• **Assignment**: When the line with "كم تلهينا الدنيا" turns up below, begin repeating exactly, and carry on through the line with "шоколад (синий рисунок)"; no pictures go into the copy.

• **Given data**:

================================

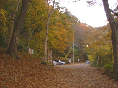 トンネルの手前を右折 花貫渓谷の駐車場
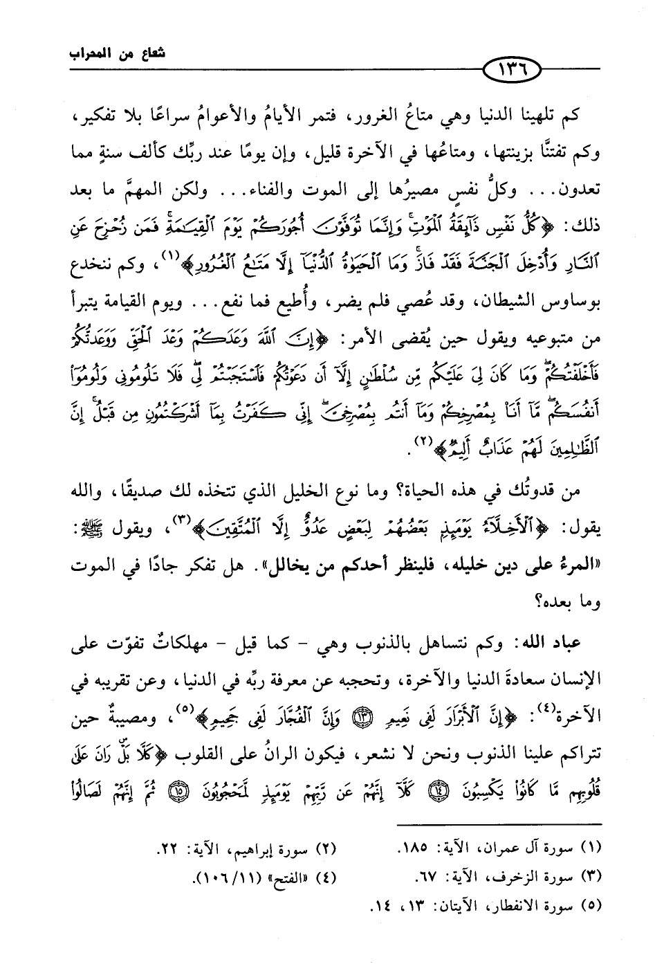 كم تلهينا الدنيا وهي متاعُ الغرور، فتمر الأيامُ والأعوامُ سراعًا بلا تفكير، وكم تفتنَّا بزينتها، ومتاعُها في الآخرة قليل، وإن يومًا عند ربِّك كألف سنةٍ مما تعدون ... وكلُّ نفسٍ مصيرُها على الموت والفناء ... ولكن المهمَّ ما بعد ذلك: {كُلُّ نَفْسٍ ذَائِقَةُ الْمَوْتِ وَإِنَّمَا تُوَفَّوْنَ أُجُورَكُمْ يَوْمَ الْقِيَامَةِ فَمَنْ زُحْزِحَ عَنِ النَّارِ وَأُدْخِلَ الْجَنَّةَ فَقَدْ فَازَ وَمَا الْحَيَاةُ الدُّنْيَا إِلَّا مَتَاعُ الْغُرُورِ} (¬1)، وكم ننخدع بوساوس الشيطان، وقد عُصي فلم يضر، وأُطيع فما نفع ... ويوم القيامة يتبرأ من متبوعيه ويقول حين يُقضى الأمر: {إِنَّ اللَّهَ وَعَدَكُمْ وَعْدَ الْحَقِّ وَوَعَدْتُكُمْ فَأَخْلَفْتُكُمْ وَمَا كَانَ لِيَ عَلَيْكُمْ مِنْ سُلْطَانٍ إِلَّا أَنْ دَعَوْتُكُمْ فَاسْتَجَبْتُمْ لِي فَلَا تَلُومُونِي وَلُومُوا أَنْفُسَكُمْ مَا أَنَا بِمُصْرِخِكُمْ وَمَا أَنْتُمْ بِمُصْرِخِيَّ إِنِّي كَفَرْتُ بِمَا أَشْرَكْتُمُونِ مِنْ قَبْلُ إِنَّ الظَّالِمِينَ لَهُمْ عَذَابٌ أَلِيمٌ} (¬2).
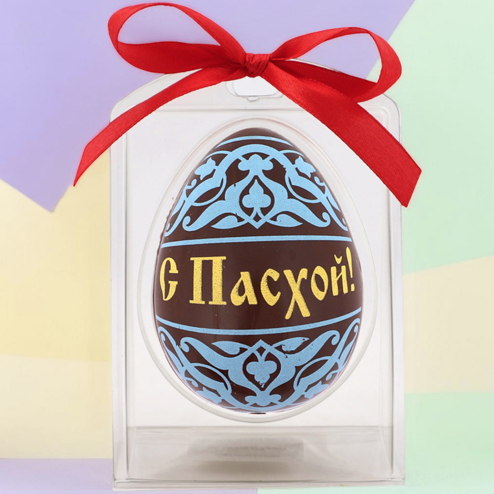 "С Пасхой" яйцо молочный шоколад (синий рисунок)
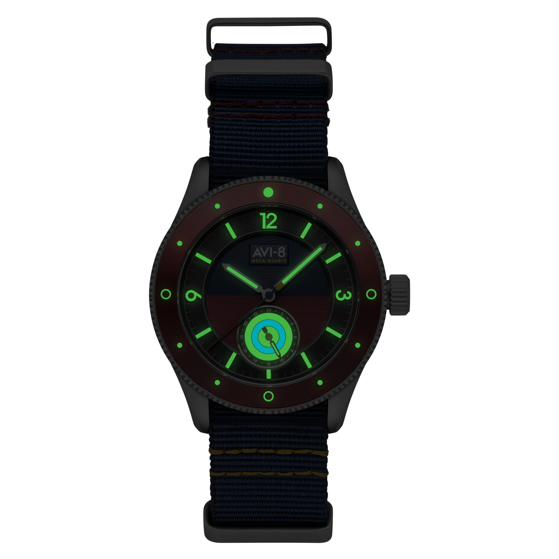 With everyone of my dozen AVI-8 watches, there is a story. This was probably the first one that was not related to a particular plane or pilot or occassion, so it was a 50/50 call with just a tentative link to the pilots who flew in WWI as the ‘hook’. However, I have not been disappointed and it has fast become a favourite. The web strap is very easy to wear (I wish every AVI-8 watch came with a web strap option) and the watch has a great look to it. Combining the red and the blue and then the patterns in the centre dial, means I have a ‘day to day’ watch rather than another one to wear when I’m going out. Great call to buy this and often get the temptation to buy the green version, but holding off for now.

================================

• **Response below**:
 كم تلهينا الدنيا وهي متاعُ الغرور، فتمر الأيامُ والأعوامُ سراعًا بلا تفكير، وكم تفتنَّا بزينتها، ومتاعُها في الآخرة قليل، وإن يومًا عند ربِّك كألف سنةٍ مما تعدون ... وكلُّ نفسٍ مصيرُها على الموت والفناء ... ولكن المهمَّ ما بعد ذلك: {كُلُّ نَفْسٍ ذَائِقَةُ الْمَوْتِ وَإِنَّمَا تُوَفَّوْنَ أُجُورَكُمْ يَوْمَ الْقِيَامَةِ فَمَنْ زُحْزِحَ عَنِ النَّارِ وَأُدْخِلَ الْجَنَّةَ فَقَدْ فَازَ وَمَا الْحَيَاةُ الدُّنْيَا إِلَّا مَتَاعُ الْغُرُورِ} (¬1)، وكم ننخدع بوساوس الشيطان، وقد عُصي فلم يضر، وأُطيع فما نفع ... ويوم القيامة يتبرأ من متبوعيه ويقول حين يُقضى الأمر: {إِنَّ اللَّهَ وَعَدَكُمْ وَعْدَ الْحَقِّ وَوَعَدْتُكُمْ فَأَخْلَفْتُكُمْ وَمَا كَانَ لِيَ عَلَيْكُمْ مِنْ سُلْطَانٍ إِلَّا أَنْ دَعَوْتُكُمْ فَاسْتَجَبْتُمْ لِي فَلَا تَلُومُونِي وَلُومُوا أَنْفُسَكُمْ مَا أَنَا بِمُصْرِخِكُمْ وَمَا أَنْتُمْ بِمُصْرِخِيَّ إِنِّي كَفَرْتُ بِمَا أَشْرَكْتُمُونِ مِنْ قَبْلُ إِنَّ الظَّالِمِينَ لَهُمْ عَذَابٌ أَلِيمٌ} (¬2).
 "С Пасхой" яйцо молочный шоколад (синий рисунок)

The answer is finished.